Дорого и берет потомок Древних, за малую, но полезную часть своего искусства — верную и невидимую смерть. Невместно ему брать дешево и клиенты не спорят с ним, особенно после того, как золотыми ножницами отрежет он у них залог — прядь волос.
Нынче вечером на месте великого мага сидел его ученик и помощник, но в неровном свете и клубах дыма клиент даже не приметил разницы. Помощник, впрочем, смахивал на мастера — конечно, для взгляда аурелианцев что грек из Севастии, что уроженец Мелитены — на одно лицо. Забавно, что помощника, по здешним меркам почти что земляка и соседа, маг подобрал в Марселе — беженец из Камерино как раз подумывал, не податься ли ему поближе к дому…
Разговаривал помощник хорошо, торжественно, а «просматривать» Хетум ему не доверял — у Никоса-в-прошлом-Теофила вечно не тем голова занята была. Сам за ширмой стоял, смотрел, слова и жесты просеивал.
Сегодняшний клиент лгал. Клиенты всегда лгут и всегда одинаково. Этот просил яд, не простой, а особенный — на вещь. Отравить предмет, чтобы женщина, носящая его у кожи, скинула ребенка. Замужняя любовница, муж в отъезде, ребенка вывести не хочет, угрожает… Если сама умрет — ладно, но лучше, чтобы просто заболела и скинула.
Клиент говорил о любовнице, а Хетум видел: наследство. Наследство и не маленькое. Если ребенок родится, клиент потеряет много. У него уже сейчас есть столько, сколько у Хетума никогда не было — не умеют большие вельможи притворяться, думают, достаточно украшения снять, косметику смыть, одежду сменить. А вмятины от колец закрыть кольцами подешевле не все додумываются, этот додумался, но ширину нужную подобрать не сообразил. Шеей ведет — тяжелую цепь привык носить, а сейчас ее нет. Много примет, не нужно быть волшебником, чтобы их знать, любой уличный кошелечник их читает как мостовую.

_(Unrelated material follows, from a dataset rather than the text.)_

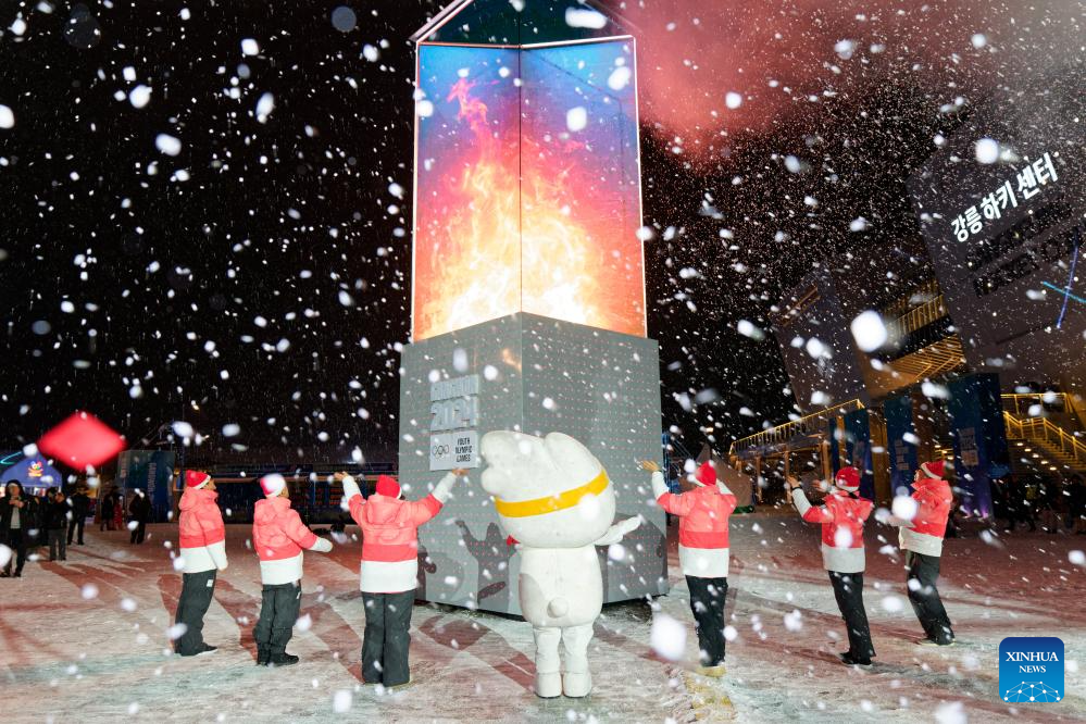 The mascot Moongcho and volunteers put out the digital cauldron at Gangneung Olympic Park during the closing ceremony of Gangwon 2024 Winter Youth Olympic Games in Gangneung, South Korea, Feb. 1, 2024. (Xinhua/Zhang Xiaoyu)

К полуночи Хетум знал: тот, кто к нему приходил — не управляющий, не член свиты, а сам, собственной родовитой персоной знатный господин из ближнего круга герцога Валуа-Ангулема. Наверное, высокородный господин совершенно спятил, что потащился к магу сам, в одиночку, даже без оруженосца, слуги или хотя бы наемного охранника, да еще и переодевшись в бедного шевалье. Спятил — или очень опасался чужих глаз, настолько опасался, что в своем доме не нашел доверенного человека. И, спрашивается, из-за чего? У благородного господина нет родных братьев, нет соперников среди двоюродных, ничьи женитьбы, никакие дети не угрожают его благополучию, отец его давным-давно мертв. Если бы речь и впрямь шла о стерве-любовнице, ради чего рисковать, отправляясь в одиночку в дом со зловещей — Хетум очень старался, — репутацией?

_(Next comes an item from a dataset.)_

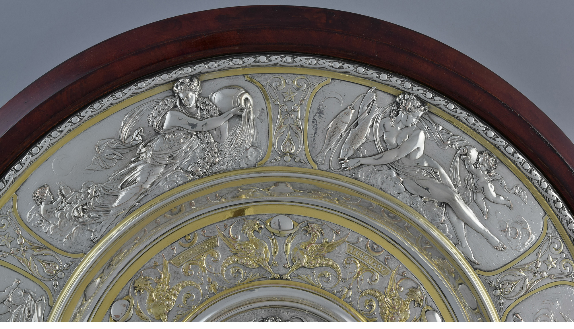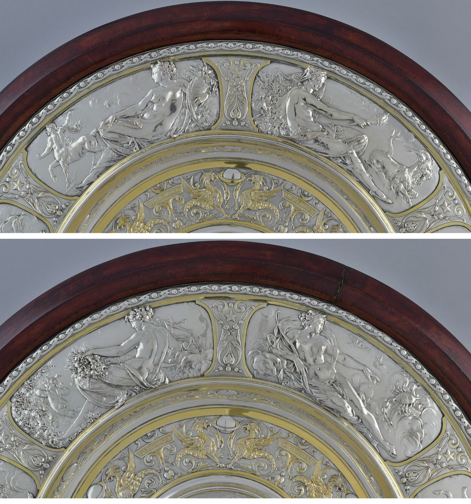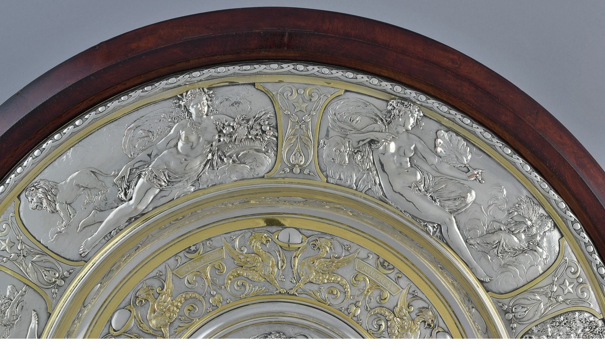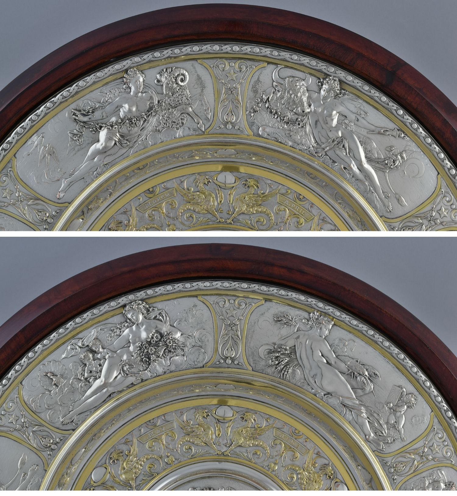 独角鹿西洋古董英国工坊法国艺术家设计镀金银文艺复兴风圆盾一对

К утру он знал, достаточно надежно, что и скандальной любовницы-то у высокородного господина нет. Есть у него костлявая старая жена, живущая в поместье, а сам господин уже не первый год навещает пухлую вдовушку-швею, купил ей домик… но вдовушка та вовсе не собиралась награждать любовника потомством. Может быть, имелись какие-то другие обстоятельства, скрывшиеся даже от глаз мага, быстро сдружившегося со швалью с орлеанского дна. Но все это не сходилось, не сочеталось между собой, а в зазоры дуло такой скверной опасностью, что Хетуму хотелось убраться вон из сытного и доверчивого города Орлеана.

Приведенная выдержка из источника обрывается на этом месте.